Но из-за этого он вовсе не стал мне меньше нравиться. Он так и не понял, что способность совершать ошибки не делает человека уродом.

А еще он сказал, что отец его был приходским священником. (Я тогда не догадывалась, что его «Опустевший храм» автобиографичен.) А я рассмеялась. Просто не могла в это поверить. И так по-настоящему и не верила, пока мы не отправились на машине в Маринленд и не попали в пробку на шоссе. Он стал петь псалмы. Дурачась, высмеивая всю эту религиозную чепуху. Но он столько их помнил! В тот момент я очень его любила. С ним порой бывало здорово интересно.

Так что эта его замкнутая система на поверку просто симптом его неспособности соотнести себя с чем бы то ни было, кроме места, с которым ему не приходится соотносить себя иначе чем посредством слова, да и то лишь после нескольких порций «Деттола»{32}. Мне так и не удалось продвинуться в разгадывании его тайн дальше этой. Я имею в виду настоящие тайны.

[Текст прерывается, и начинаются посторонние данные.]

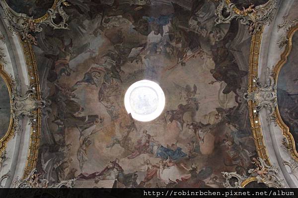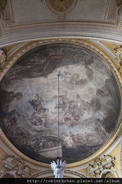 階梯大廳,天花板上繪製的溼壁畫,總面積達600平方米,當年是出自威尼斯畫家堤波羅(Giovanni Battista Tiepolo)之手。只是目前所見,應該也是重建後所繪製的。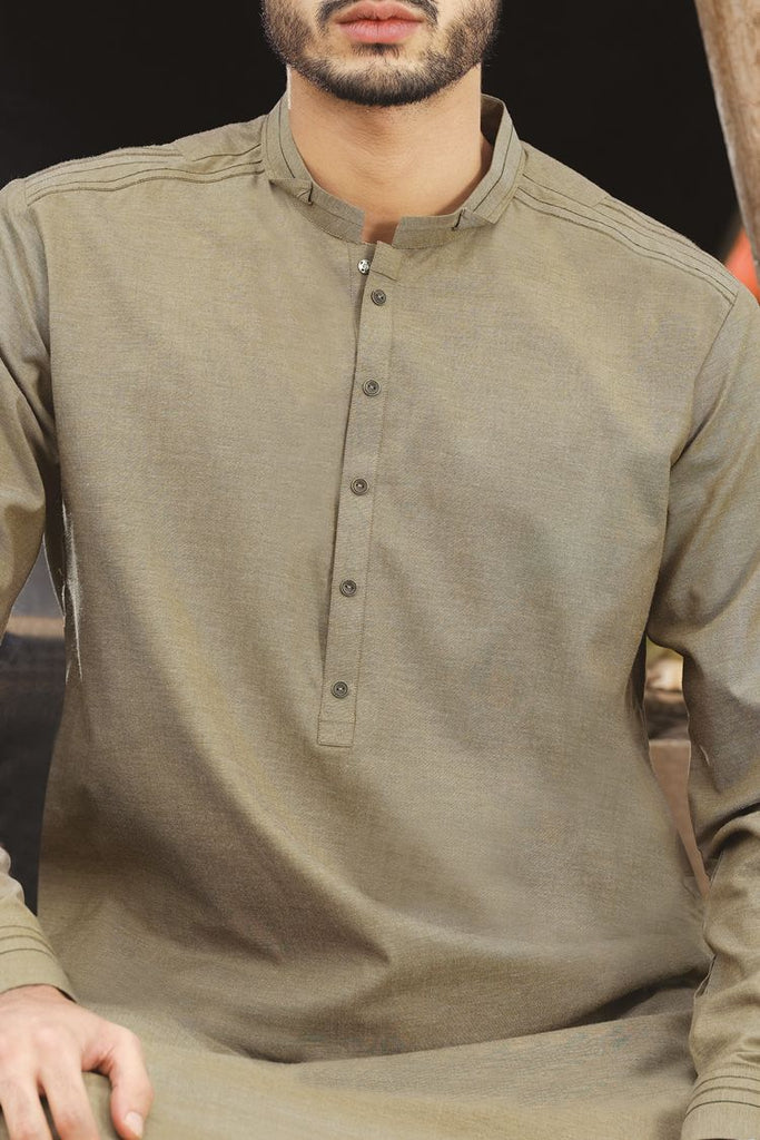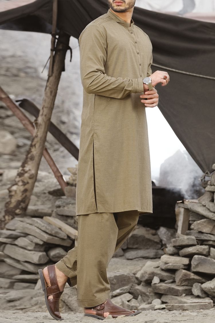 Cut And Sew Kameez Shalwar Stitched In Blended Fabric With Details On Collar, Placket And Cuffs.

Отношения с Кэролайн, например. Отвратительно было слышать, как он о ней говорит (до того, как я ему напрямик об этом сказала): не открыто, всеми буквами, но тон такой небрежно-презрительный, будто разговор о бездарной секретарше, от которой он не может отделаться там, в Англии, а ведь она – его дочь. Ну ладно, ясно, ее мамаша девочку испортила, внушила ей взгляды, которые для него неприемлемы. Но ведь это же ежику понятно, что на самом деле он до смерти обижен, что ему больно… и не только из-за прошлого, из-за того, что она потеряна для него, но еще и потому, что он привязан ко мне, а я ему в дочери гожусь, получается что-то вроде инцеста (а кем он иногда был для меня, об этом он не подумал?), и ему это и неприятно, и в то же время нравится.

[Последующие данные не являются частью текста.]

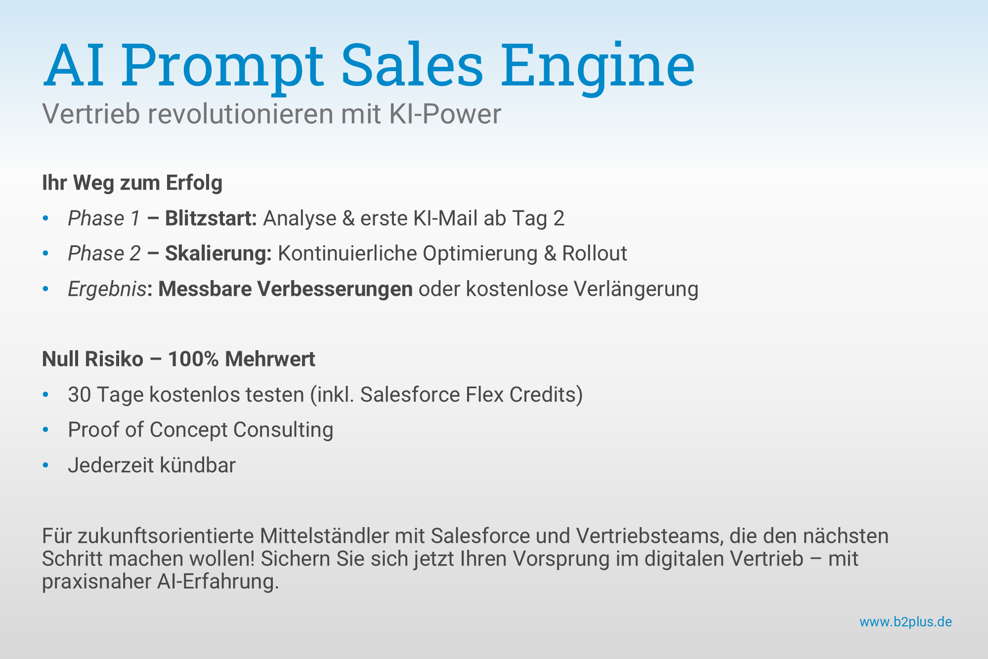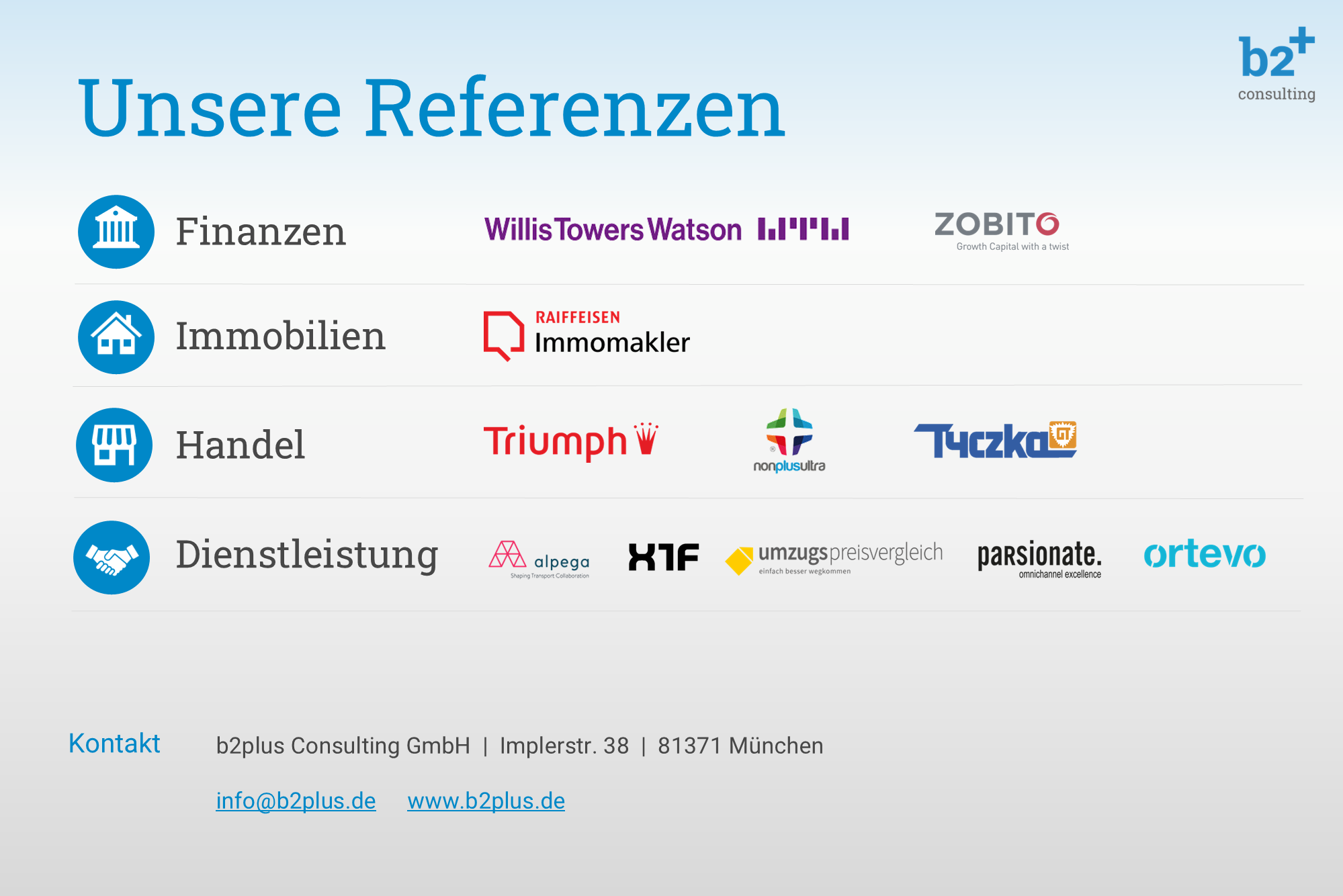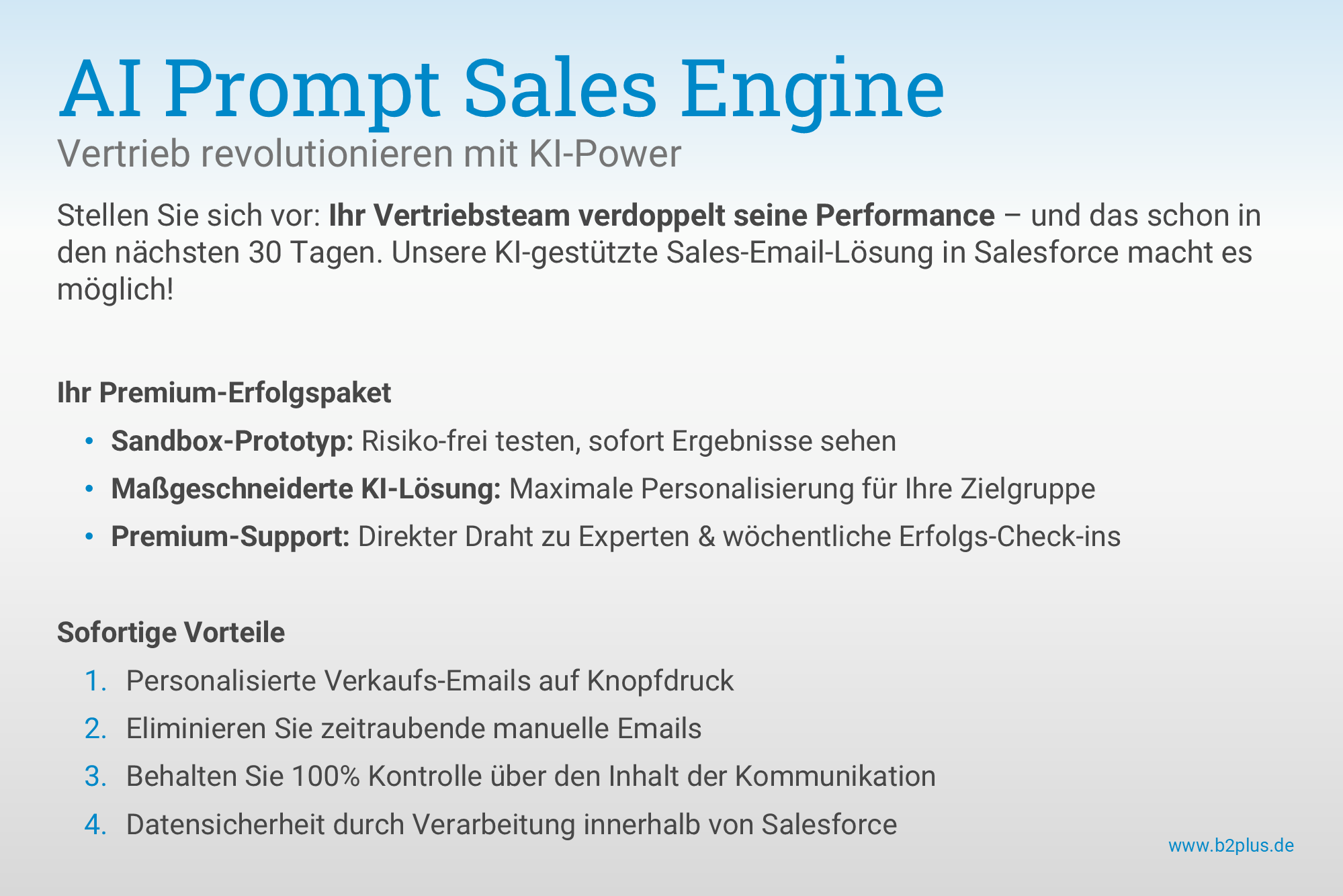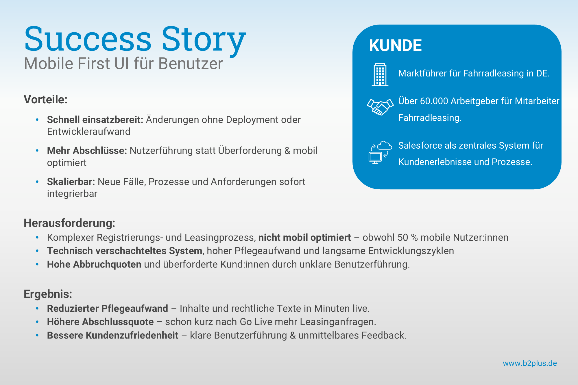 About b2plus Consulting GmbH b2plus Consulting is a German Business- and IT Consulting company, which is specialized in the implementation and optimization of sales and marketing applications based on Salesforce CRM. As specialized technology professionals and trusted industry experts we strive to be the best partner for our customers. Customer Value is our highest goal: with excellent digital business solutions we strengthen the market position of our customers. ##---##b2plus Consulting ist eine deutsche Business- und IT-Beratung, die auf die Implementierung und Optimierung von Vertriebs- und Marketing-Anwendungen auf Basis von Salesforce CRM spezialisiert ist. Als spezialisierte Technologie-Profis und verlässliche Branchenexperten wollen wir die besten Partner für unsere Kunden sein. Customer Value ist unser oberstes Ziel: Mit exzellenten digitalen Business-Lösungen stärken wir die Marktposition unserer Kunden.

Ну и весь этот мрак по поводу его распавшегося брака. Я и пытаться перестала – все равно ничего не распутать. И другие женщины в его жизни. Прямо гротеск какой-то, так он выкручивается, если я сую свой нос в эти его дела. Будто это может меня обидеть, будто такое прошлое может сделать мужчину менее привлекательным. Напрасно я сравнила его с элегантным кожаным чемоданом. По правде, он больше похож на старый, лопнувший сверток, перевязанный рваной бечевкой с тыщей дурацких узлов. Все, что есть во мне шотландского, просто на дыбы от возмущения встает.

Все это пришло мне в голову в тот странный последний вечер (разумеется, провидческий дар от бабки – сплошная чепуха, но знаешь, Дэн, поразительно, только я и вправду чувствовала: что-то должно с нами случиться). Когда ты, то есть он, заговорил о пропастях. А я сказала ему, что он имеет в виду баррикады. Очень надеюсь, он подумает об этом всерьез, если когда-нибудь прочтет то, что я написала.

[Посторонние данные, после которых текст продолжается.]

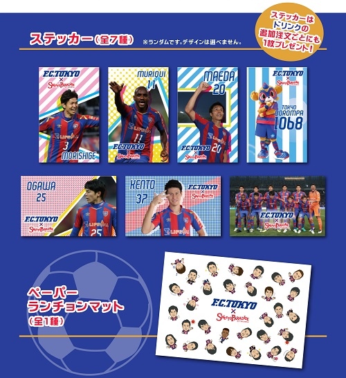 Além disso, ao pedir o "Menu Colaborativo Original F.C.TOKYO", ganhe 1 adesivo (7 tipos no total) e 1 jogo americano (1 tipo no total) de presente!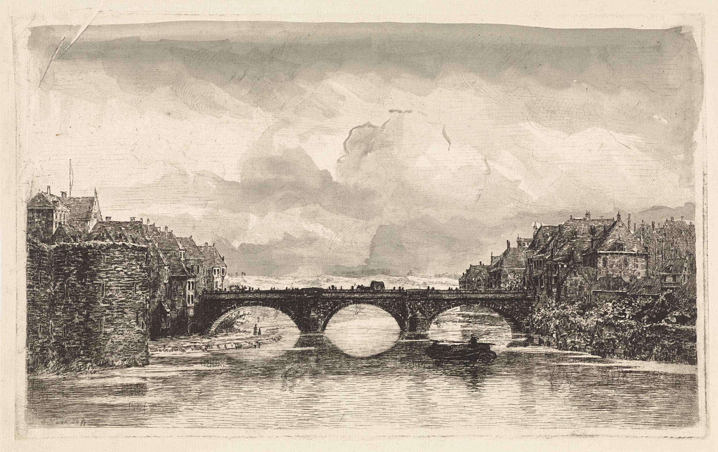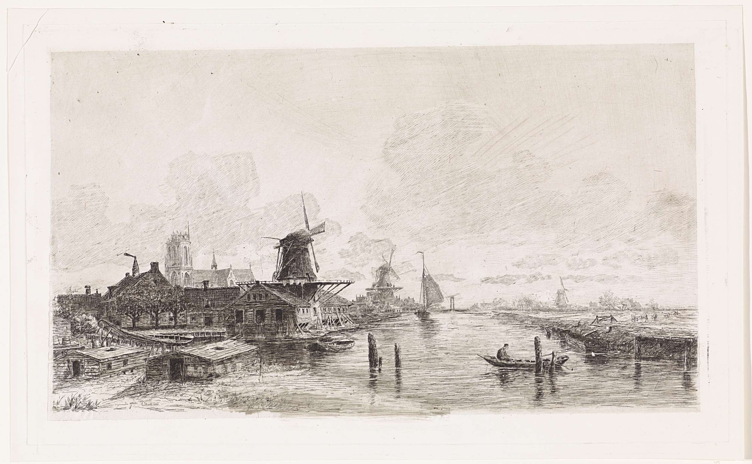 Rivierlandschap met dorp en houtzaagmolen

Я все снижаю и снижаю образ, но на самом деле это нас просто приравнивает друг к другу. Раньше я никогда так ясно не представляла себе, что «старый» ум – это тот же «молодой» ум, только в пожилом теле. (Ой, это зло сказано, я имела в виду в теле, которое уже не так молодо.) Все чаще и чаще наступали периоды, когда я сама себе казалась гораздо старше. Я была старше. Когда раздался тот необыкновенный звонок, он был словно ребенок, словно маленький мальчик: испуган и взволнован – и старался скрыть оба этих чувства, притворяясь умудренным и «зрелым». Кто-то и вправду на самом деле, да господи, просто реально нуждался в нем. И он понял, что свободен, – я это почувствовала. И очень рассердилась, но мне удалось это скрыть. Не потому, что он решил уехать, а из-за того, что втянул меня в эту историю. Использовал как предлог. Не понимаю, почему меня так огорчает, что я иногда использовала его. Я-то, по крайней мере, этого никогда не скрывала.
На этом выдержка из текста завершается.